During the trust period, if the number of shares held by the trust is likely to be insufficient for the number of Company Shares equivalent to the number of points to grant shares to the Eligible Members of the Board or Officers (in each case such continuation is referred to herein, the number of points granted as set forth in (5) below), or if the funds consisting of trust assets is likely to be insufficient for the payment of the trust fees and expenses, additional funds may be contributed to the trust within the maximum limit of the trust fund in (7) below, and additional Company Shares may be acquired.
The Compensation System will cover the fiscal years that are subject to the medium-term management strategy set forth by NTT (the "Target Period," with the initial Target Period consisting of the remaining period under the current medium-term management strategy, which is the three-fiscal year period from the fiscal year ending on March 31, 2022 to the fiscal year ending on March 31, 2024), and is a system for delivery of Company Shares as executive compensation depending on the position of the Eligible Members of the Board or Officers and the degree to which financial targets under the medium-term management strategy have been achieved, among other factors. Furthermore, in the event of the continuation of the trust thereafter (in each case such continuation is referred to herein, as set forth in Section 4(b) below), the fiscal years that correspond to subsequent medium-term management strategies will be set as the target periods.
Matters including the maximum amount of funds that are to be contributed to the trust for the purposes of acquiring shares for delivery to the Members of the Board, the maximum aggregate amount of Company Shares to be subject to delivery from the trust and other necessary matters will be resolved at the Shareholder Meetings of each Target Company. In the event of the continuation of the trust, with respect to the executive compensation of the Members of the Board of each Target Company who are eligible under the Compensation System, the trust agreement will be amended at the end of the trust period and additional contributions will be made to the trust pursuant to board resolutions, to the extent approval is received at Shareholder Meetings. Furthermore, necessary matters regarding the executive compensation of Executive Officers of each Target Company who are eligible under the Compensation System will also be resolved pursuant to board resolutions.
The Eligible Members of the Board or Officers, subject to meeting the beneficiary requirements described below and upon completing the required beneficiary verification procedures, will be able to have Company Shares delivered from the trust in an amount corresponding to the number of stock delivery points.
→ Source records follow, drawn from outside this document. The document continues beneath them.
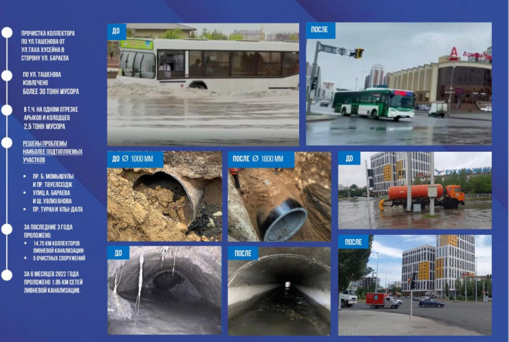 "Также ранее была решена проблема с ливневой канализацией на двух участках в районе аллеи Мынжылдык. В районе Алматы (улица Шамши Калдаякова), нового вокзала, по проспекту Улы Дала ведется строительство ливневых канализаций", - подчеркнул он.
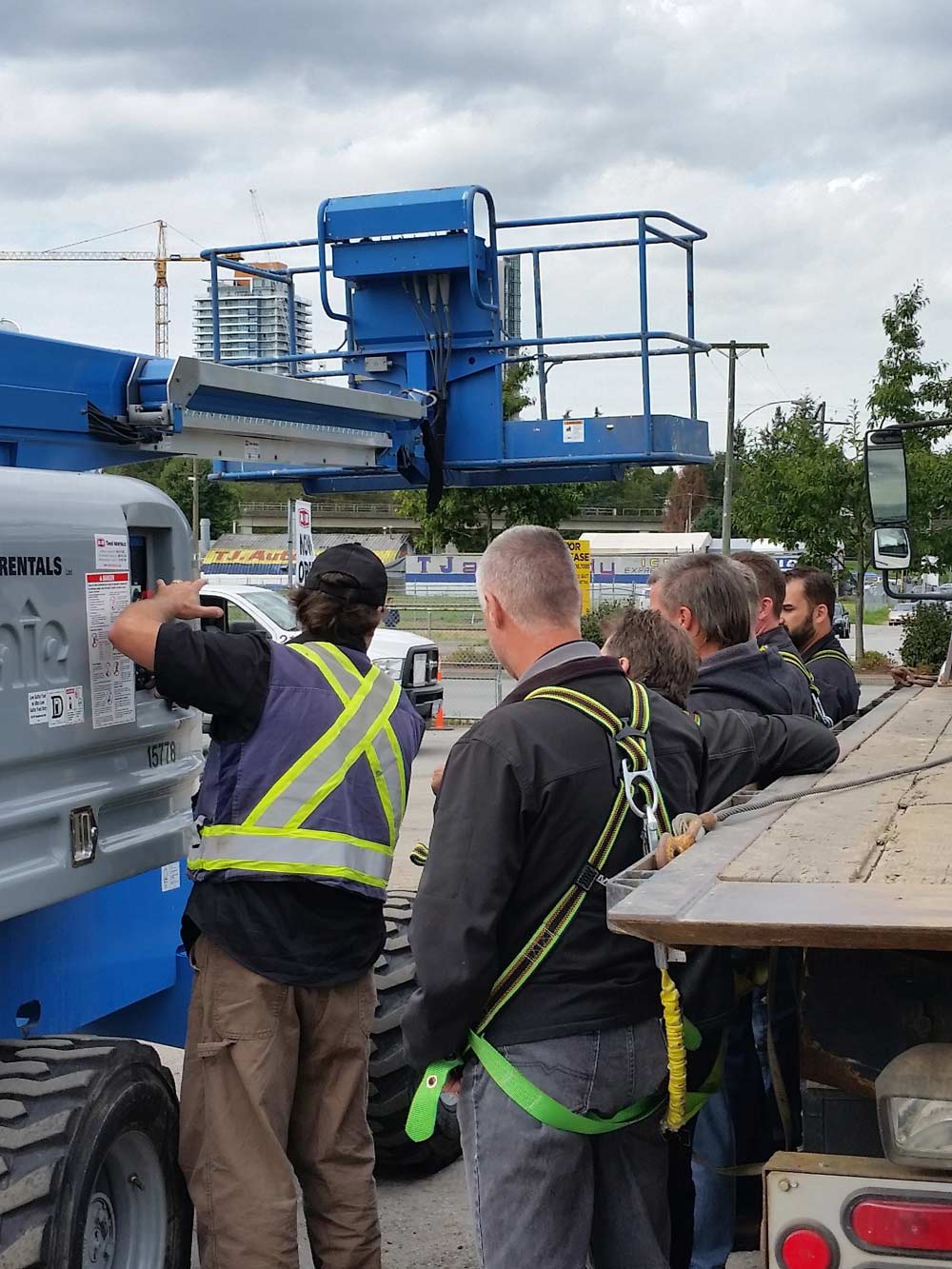 If you are afraid of heights, this may not be for you! Be prepared to go high up in the air to get comfortable with the sway of the machine at it’s highest. Your instructor will go over safety procedures and how to get down if you happen to get stuck up there. Also, identifying different hazards that surround you.
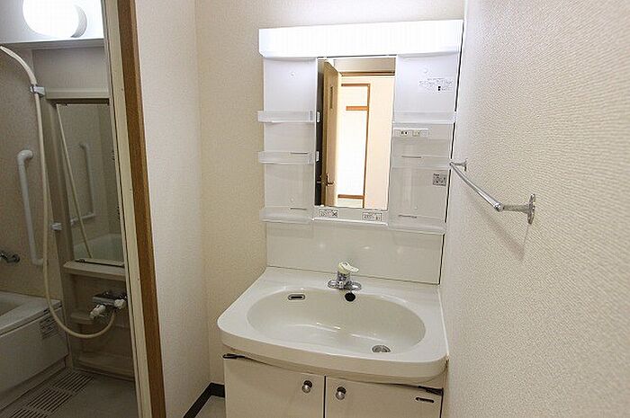化粧品や洗面道具といった小物もスッキリまとめて収納できる独立洗面台が付いております。

The beneficiary requirements are as follows:
※However, in the event that the trust period is extended pursuant to Section 4(c) below and such Eligible Member of the Board or Officer is still in office as a person eligible for the system following the expiration of the extended trust period, the trust will be terminated at such time, and delivery of the Company Shares for such eligible person will be conducted while such person remains in office.
a.Initial Trust Period
The three-year period from 2021 to 2024
b.Continuation of the Trust
Upon the expiration of the trust period, the trust may be continued by means of amendment of the trust agreement or creation of an additional trust. In such an event, the number of fiscal years that corresponds to the medium-term management strategy established by NTT at such time will be set as the new target period, the trust period will be extended to correspond to such new target period, and distributions of points to Eligible Members of the Board or Officers will continue to be made during the duration of the extended trust period. For any additional contributions made to the trust during the new target period, executive compensation for Members of the Board of each Target Company will be made within the scope of the maximum amounts of funds to be contributed to the trust that have been approved at the applicable Shareholder Meetings. In the event that such additional contributions are made, however, if there are any Company Shares (excluding Company Shares corresponding to points granted to Eligible Members of the Board or Officers for which Delivery has not been completed) or funds that remain in the trust's property on the last day of the trust period prior to the extension (collectively, "Residual Shares"), the total amount of Residual Shares corresponding to the executive compensation for Members of the Board of each Target Company, plus additional contributions of funds to the trust, will be within the scope of the maximum amounts approved at the applicable Shareholder Meetings. Extensions of the trust period will not be limited to one extension; the trust period may also be re-extended thereafter in the same manner.
c.Expiration of the Trust (Extension of Trust Period without Additional Contributions)
Even in the event that the trust expires, if there are Eligible Members of the Board or Officers who may meet the beneficiary requirements at the time of the expiration of the trust period (or, in the event of a continuation of the trust as described in (b) above, the as-extended trust period), the trust will not be terminated immediately, but rather, the trust period will be extended for a specified limited period of time. In such an event, however, new distributions of points to Eligible Members of the Board or Officers will not be made.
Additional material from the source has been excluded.